Market View

Quarter 3, 2020

What WorkedWhat Didn't
Gold and Mining StocksCannabis Stocks
Preferred SharesOil Stocks
Utilities StocksU.S. Bank Stocks
Equity MarketsSecond Quarter % Change (in Cdn$)Third Quarter % Change (in Cdn$)
S&P/TSX Composite17.0%4.7%
S&P 50016.4%6.8%
TSX Energy10.9%-8.1%
TSX Financials6.2%4.0%
Bond MarketsSecond Quarter % Change (in Cdn$)Third Quarter % Change (in Cdn$)
FTSE Canada Universe Bond Index5.9%0.4%

October 2020

We have reached the time of year of Autumn harvests. Assuredly, our gardens’ best days are behind and daily temperatures will undoubtedly decline. However, unlike the certainty inherent in the change of seasons, there is a significant unknown on the horizon that will affect the investment markets. We are not talking about the U.S. election. We are referring to the development and approval of a vaccine for preventing the COVID 19 virus.

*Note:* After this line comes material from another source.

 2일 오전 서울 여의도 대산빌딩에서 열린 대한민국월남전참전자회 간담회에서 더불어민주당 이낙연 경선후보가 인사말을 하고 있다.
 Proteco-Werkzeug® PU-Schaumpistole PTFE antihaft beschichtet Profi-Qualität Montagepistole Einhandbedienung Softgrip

This global pandemic has resulted in both significant supply and demand destruction. As a response, Central Banks around the world have lowered interest rates to levels not seen in our lifetimes and governments have pushed through massive spending and support programs. The offshoot from low interest rates is that there are few places to put money in order to make a reasonable return other than in the equity markets. 10 year government bonds yield an unappealing 0.5%. Even the spread between high-yield (risky) bonds and high-quality bonds leaves very little extra return to compensate investors for their higher level of risk. 

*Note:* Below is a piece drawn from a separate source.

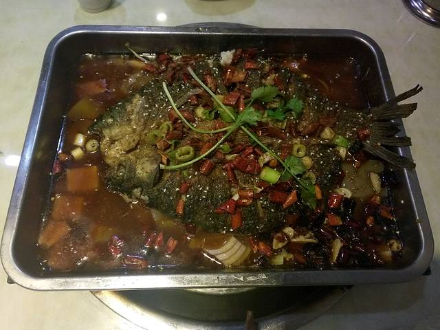 就去洪崖洞外面吃了烤鱼,微辣不是很辣 还有当地的豆奶还不错

Interest rates this low raise the question of ‘what would you rather’: invest your dollars you have today at miniscule interest rates, or have a chance at earning more dollars sometime in the future through other forms of investments? With almost nothing to be missed by not getting that mere dollar of interest today, investors choose to defer the dollars they earn to later. This combined with epic government policy stimulus has benefitted a small number of growth stocks as growth in the future becomes more highly valued than income today. The growth companies are not only benefitting from the government stimulus policies and low interest rates but also because the stay at home trend has boosted earnings for some (in particular, for large technology companies).  This causes us to wonder about possible scenarios that could trip up this preference for growth stocks.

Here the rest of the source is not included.